Setting Up ADB Environment
Work In Progress - Initial Rough Draft
Android Debug Bridge (ADB)
ADB is the Android Debug Bridge. To me, it is a very misleading acronym because I automatically think it looks like an "android debugger", similar to gdb (GNU Debugger) or jdb (Java Debugger). ADB is nothing like a debugger.
ADB is designed as a bridge that allows you, the developer, to access the internals and configuration of the Android system. You can think of ADB as 3 major components:
- ADB Client - This is the
adbcommand you use on the developer host. - ADB Server - This is an ADB server that run on the developer host, usually autostarted by the client.
- ADB Daemon - This is another ADB server that runs on the target device or emulator.
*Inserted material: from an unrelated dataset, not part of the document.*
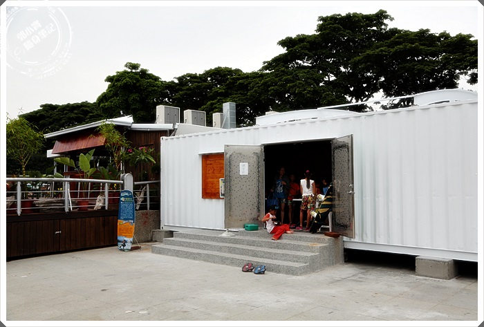 | 建議前往的朋友可以將車停在他對面的停車場裡面,步行3分鐘就可以到達纜繩滑水中心,目前的報到櫃台是用貨櫃搭建而成的,到達這邊的時候讓我頗為意外,因為來玩這個人真的還滿多的,工作人員都有點應接不暇,可見得這遊戲好玩刺激程度真的是吸引非常多的人。 |

When you run a command like adb shell, the command that you provide is serialized and sent to the server. For example, if you send adb -s emulator-5554 shell echo test, over the wire you might see: host:transport:emulator-5554,shell:echo test. The local ADB server then forwards that command to the ADB daemon running on the device for execution and eventually returns the results back through the server and back to the client.
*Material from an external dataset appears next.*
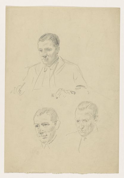 Anton Abraham van Anrooy made these portrait studies for the unfinished painting of the Dutch court in London in June 1942. There's a lightness to the touch here, a real sensitivity in the mark-making, which feels quite modern in its approach. Look closely, and you'll see how he's captured the fall of light on the figure, using delicate lines to suggest form and volume. The pencil strokes are so economical, almost tentative, but they build up to create a compelling image. The texture of the paper is also important here. It gives the drawing a kind of warmth and intimacy, like we're looking at a page from the artist's sketchbook. The notes at the bottom of the sheet make you wonder what the intention was for the finished work. The work as a whole feels like it could have been made by Lucian Freud, who was also interested in the psychological dimensions of portraiture. It's a reminder that art is an ongoing dialogue.

---------- Developer Host ------- -- Android Device --
| | <-----> | ADB Daemon |
| ADB Client <-----> ADB Server | --------------------
| | ----- Emulator -----
| | <-----> | ADB Daemon |
--------------------------------- --------------------
By having these parts split up, the ADB server can continuously run and monitor multiple device connections while the client only needs to send the actions to the server. There are other fun things you can do like daisy chain servers together so you can make a ADB Daemon not locally connected appear local. But more on that later.
In summary, adb is not a debugger. adb is a tool to access the configuration and internals of the Android system for things like running shell commands on the Android device.
Acquire ADB
For my purposes, I never use the full version of Android Studio. Instead, I'll use only the command line version of developer tools for Android analysis. For adb only, you can commonly install an older version with your native package manager. For apt based distributions, its apt install adb.
Setup Environment
As we go along, we'll be adding more tools. To make things easy, I've provided a script that enables the environment that I intend to end up with. Not having all of the referenced paths is harmless as we build up the toolbox, so we might as well have everything setup as soon as possible. This alieviates the need to continually update a non-repeatable environment or restarts shells and terminals.
There are many ways to skin this cat (via .dotfiles, via .profile, vi other shell RC files). Because I work on many different projects across many different languages that use many different SDKs, I don't like to manage SDK folders in my general home dotfiles. Instead, my convention for managing a particular project is to have a script that launches a new shell with the settings I want. This way I'm avoiding unrepeatable environments and I can easily reset with a exit; ./env.sh type of behavior. Since the script I have is harmless before you have all the tools, I'll provide everything at once. If you follow along with subsequent procedures, everything should line up fine. Note: There is a pre-requisite that you have python3 and python3-pip already installed.
~/.android/env.sh:
#!/usr/bin/env bash
if [ -z "$(which python3)" ]; then
echo "Missing 'python3' from \$PATH.\nSuggestion: apt-get install python3"; exit 1
fi
if [ -z "$(which pip)" -a -z "$(which pip3)" ]; then
echo "Missing 'pip' from \$PATH.\nSuggestion: apt-get install python3-pip"; exit 1
fi
# Check for python3-venv (via ensurepip existance)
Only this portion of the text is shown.